Вторая попытка избавиться от старой жабы тоже с треском провалилась. Сопровождающий нас великан по имени Хагрид заметил ее в одной из лодок. Пришлось разыграть маленький спектакль и шумно порадоваться очередному возвращению блудной животинки, про себя кипя и негодуя: «Чтоб тебя в аду черти заели!». Ничего, замок большой, решил я, мало ли что могло случиться… Впрочем, насколько помню, злость на дядю Элджи вскоре улетучилась, и Тревор вздохнул свободно.
У каждого человека три характера: тот, который ему приписывают, тот, который он сам себе приписывает, и тот, который есть в действительности. Кто я для всех? Неуклюжий растяпа, увалень, спотыкающийся о собственные ноги и умудряющийся находить неприятности не хуже Золотого трио, трусишка, пугающийся любой тени. Я нередко слышу в свой адрес такие высказывания: «Это неминуемо, как взрыв котла у Невилла», «Второй Лонгботтом», «Ты танцуешь, как тот неуклюжий гриффиндорец».
Мне не нужна такая известность! Я не спотыкаюсь и не скажу, что постоянно теряю вещи. Конечно, я что-то забываю, например, период войны между Густавом Великим и Кюхелем Злым, и порой попадаю в нелепые ситуации. Но в остальном я ничем не отличаюсь от других. Однако вы не знаете, как трудно бороться с общественным мнением!
Люди с удовольствием подхватывают какую-нибудь мысль, и ее уже не вырвать с корнем из их сознания. Окружающим в любой ситуации нужен человек, на которого сыплются все шишки
Бывает, одна ошибка, один неверный шаг направит твою жизнь в другое русло. Пара пустяковых случаев и ко мне с первых дней приклеилось звание самого неуклюжего ученика Хогвартса. Масло в огонь подливала бабушка, присылая мне напоминалки и громовещатели. Я не был изгоем и легко вписался в коллектив, имея со всеми дружеские отношения. Но я стал местным клоуном и гриффиндорской отдушиной.

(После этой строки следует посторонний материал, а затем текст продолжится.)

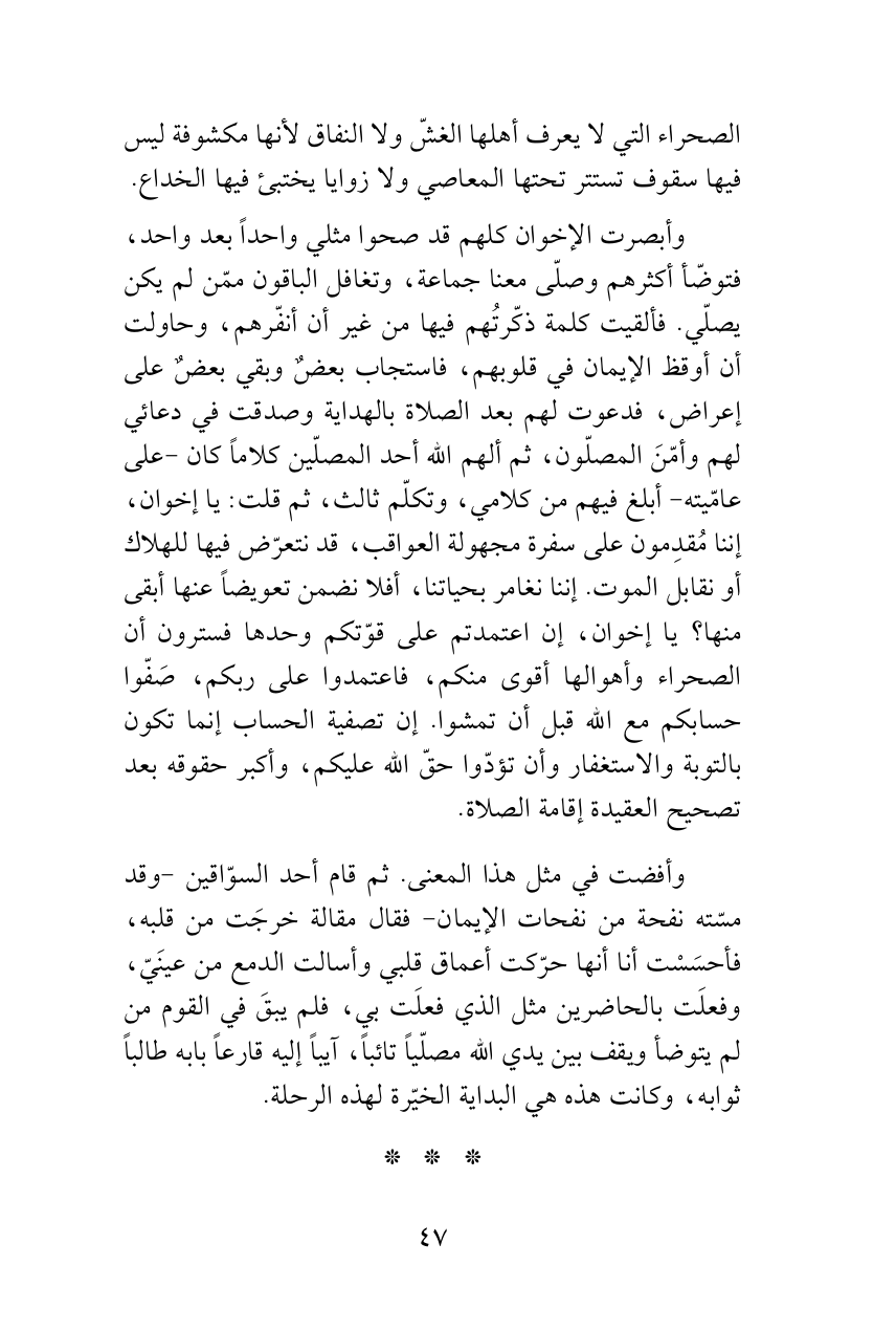وأبصرت الإخوان كلهم قد صحوا مثلي واحداً بعد واحد، فتوضّأ أكثرهم وصلّى معنا جماعة، وتغافل الباقون ممّن لم يكن يصلّي. فألقيت كلمة ذكّرتُهم فيها من غير أن أنفّرهم، وحاولت أن أوقظ الإيمان في قلوبهم، فاستجاب بعضٌ وبقي بعضٌ على إعراض، فدعوت لهم بعد الصلاة بالهداية وصدقت في دعائي لهم وأمّنَ المصلّون، ثم ألهم الله أحد المصلّين كلاماً كان -على عامّيته- أبلغ فيهم من كلامي، وتكلّم ثالث، ثم قلت: يا إخوان، إننا مُقدِمون على سفرة مجهولة العواقب، قد نتعرّض فيها للهلاك أو نقابل الموت. إننا نغامر بحياتنا، أفلا نضمن تعويضاً عنها أبقى منها؟ يا إخوان، إن اعتمدتم على قوّتكم وحدها فسترون أن الصحراء وأهوالها أقوى منكم، فاعتمدوا على ربكم، صَفّوا حسابكم مع الله قبل أن تمشوا. إن تصفية الحساب إنما تكون بالتوبة والاستغفار وأن تؤدّوا حقّ الله عليكم، وأكبر حقوقه بعد تصحيح العقيدة إقامة الصلاة.

Вскоре слава обо мне распространилась за пределы гостиной Гриффиндора, и меня, кажется, собирались вписать в «Предания Хогвартса» как самого неуклюжего ученика за последние сто лет. И сколько я ни старался изменить свою репутацию, все было впустую, поэтому через некоторое время я махнул рукой и вошел в образ.
Я даже нарочно иронизирую, бывая слишком неуклюжим, возможно, втайне надеясь, что кто-нибудь обратится ко мне со словами: «Ты переигрываешь, друг». Но ничего подобного не происходит, и все, какие бы нелепости я ни совершил, воспринимают это как должное. Ведь от Лонгботтома можно ожидать чего угодно. Но разве найдется на свете такой неумеха, который расплавил бы десять котлов за два месяца? Я сам его с трудом представляю.
Кто-нибудь видит меня настоящего за толщей тех масок, что я ношу? Я гляжу в зеркало и вижу круглолицего паренька с добрыми карими глазами, забавными веснушками, мягкими волосами и большими руками.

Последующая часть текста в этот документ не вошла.